The loss of former President Joyce Banda, as People’s Party Presidential candidate, has also shown that women are still lagging behind men putting the 50-50 campaign initiative at the verge of collapse.

This is despite NGO-Gender Coordinating Network (NGO-GCN) carrying out massive campaign promoting the need for women representation and urging the electorate to vote for female candidates.

Official results by the Malawi Electoral Commission (MEC) show that 32 women out of 261 who vied for parliamentary seats won. This is in contrast to 2009 when 43 women were elected as lawmakers in the 193 member house.

Funded by the Norwegian Embassy in Lilongwe, NGO-GCN embarked on the 50-50 campaign to increase the number of female MPs from the previous 43.

A breakdown of Local Government Elections results released by the Malawi Electoral Commission (MEC) has also shown flop of women in the polls.

The results have shown that of the 457 councilors elected during the last elections, there are only 56 women who have made it and the rest 401 are men.

The ruling Democratic Progressive Party (DPP) got more seats totaling to 165 councilors seats followed by Malawi Congress Party (MCP) which got 131 seats.
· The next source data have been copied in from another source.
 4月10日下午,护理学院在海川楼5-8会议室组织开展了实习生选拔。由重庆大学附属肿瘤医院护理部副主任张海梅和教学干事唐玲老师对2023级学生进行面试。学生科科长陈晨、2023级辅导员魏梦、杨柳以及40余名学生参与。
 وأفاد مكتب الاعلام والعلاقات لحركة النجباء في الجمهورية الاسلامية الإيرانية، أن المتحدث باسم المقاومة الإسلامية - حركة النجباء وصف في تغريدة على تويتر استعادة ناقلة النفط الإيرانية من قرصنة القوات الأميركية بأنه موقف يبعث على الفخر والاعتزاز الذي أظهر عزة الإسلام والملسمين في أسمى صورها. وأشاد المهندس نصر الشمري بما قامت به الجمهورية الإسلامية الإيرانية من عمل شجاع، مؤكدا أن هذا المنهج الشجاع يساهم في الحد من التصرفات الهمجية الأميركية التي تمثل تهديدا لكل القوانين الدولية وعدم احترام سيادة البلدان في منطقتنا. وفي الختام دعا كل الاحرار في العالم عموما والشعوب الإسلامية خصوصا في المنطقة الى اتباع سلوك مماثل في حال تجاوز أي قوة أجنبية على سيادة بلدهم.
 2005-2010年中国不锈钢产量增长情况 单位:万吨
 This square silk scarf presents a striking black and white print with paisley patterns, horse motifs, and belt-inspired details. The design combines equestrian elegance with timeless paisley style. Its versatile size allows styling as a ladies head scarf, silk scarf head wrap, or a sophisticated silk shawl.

NGO-GCN Chairperson Emma Kaliya expressed disappointment with the development saying it is discouraging to see that women are still lagging behind men.
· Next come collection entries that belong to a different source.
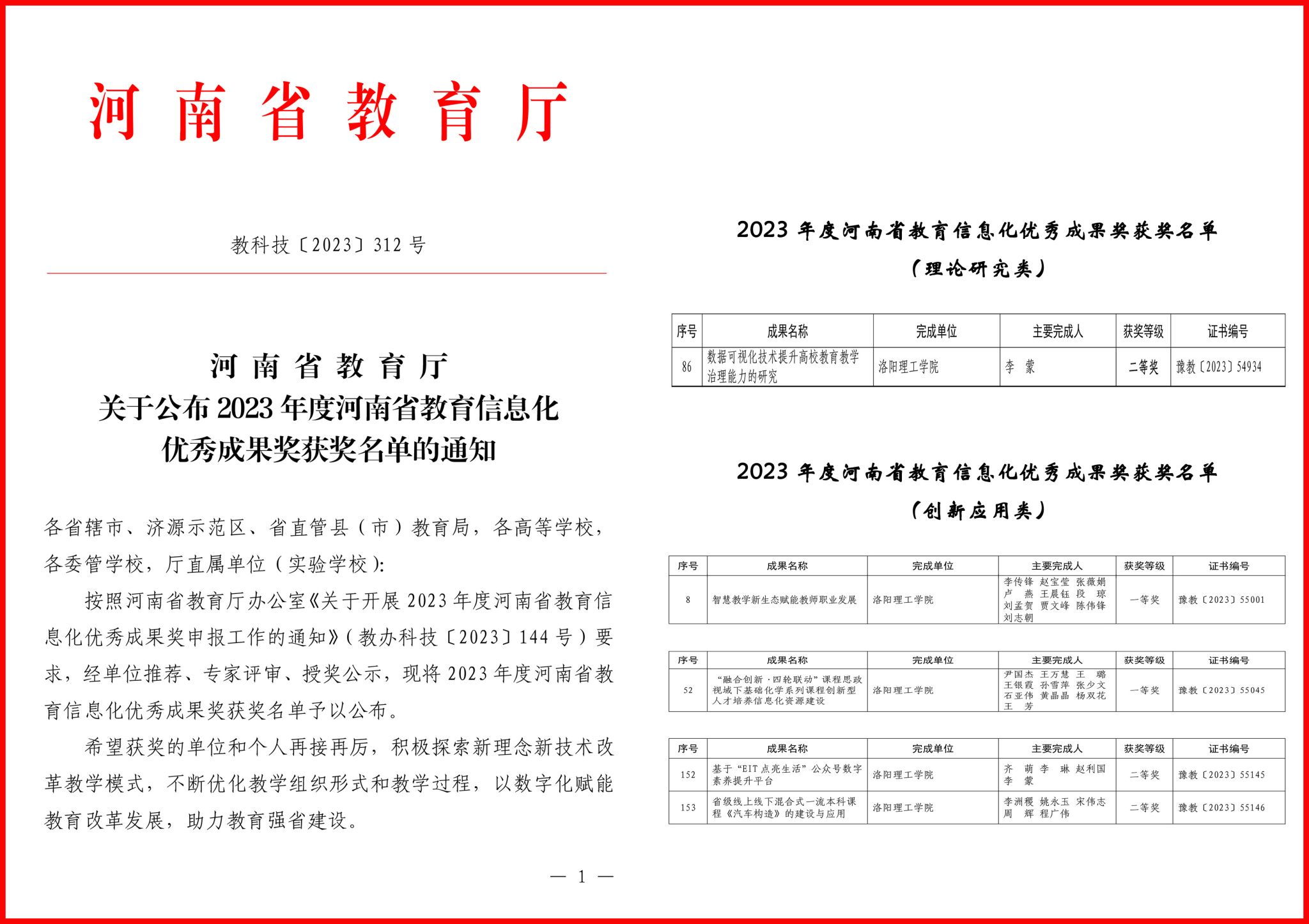 近日,河南省教育厅下发了《关于公布2023年度河南省教育信息化优秀成果奖获奖名单的通知》(教科技〔202...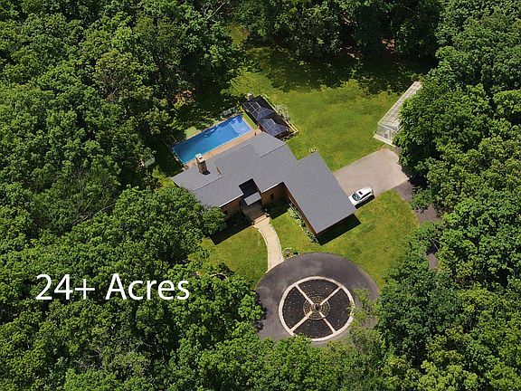 Escape to Paradise! This home offers peace and serenity. A Gorgeous contemporary home, hidden within 24+ acres of woods. A Nature Lovers Paradise with a lot of wildlife! Brand New Roof (5/28/24) with 10 year warrantee to the new owner. Automated and easy to use large custom solar powered hydroponic greenhouse. An easy to care for 40 capacity chicken coop. First Floor Master Bedroom. 2 1/2 baths (Super master bath with large sunken jetted tub). 2 Huge guest bedrooms with massive walk in closets. A Large home office attached to one of the bedrooms. 2 car finished Garage with a large work space. Stunning Great Room with Soaring ceilings. Fireplace mounted 75" 4k TV. 2nd floor nook for a reading or workout area. Impressive Floor to ceiling Stone Fireplace with a high efficiency wood burning insert. Private log splitting area with plenty of trees 5 min to the closest boat ramp! Brick patio with dual gazebos with an outdoor fireplace. Impressive display of perennial flowers surrounding the home. Fiberglass 50ft inground easy to care for pool. Brand new well pump (9/15/23) with upgraded water pressure. 30 Gallon fresh water backup system with a healthy reverse osmosis drinking water filtration system. Privacy, Tranquility, and Quiet allow you a better connection to nature.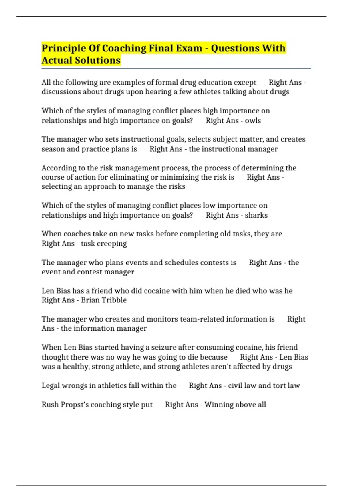 Principle Of Coaching Final Exam - Questions With Actual Solutions

She could not say the real reason for the poor performance by women.

“Malawian voters decided not to vote for women and there is nothing we can do,“ Kaliya was quoted by The Nation newspapers as saying.

“Again, there is high competition these days because people believe that going to Parliament is part of employment.”

Cultural beliefs and political affiliations are some of the reasons contestants and commentators say could have contributed to the poor performance of the female candidates in the just ended elections.

Malawi still ranks as one of the countries with low female representation not only in the SADC region but in the world.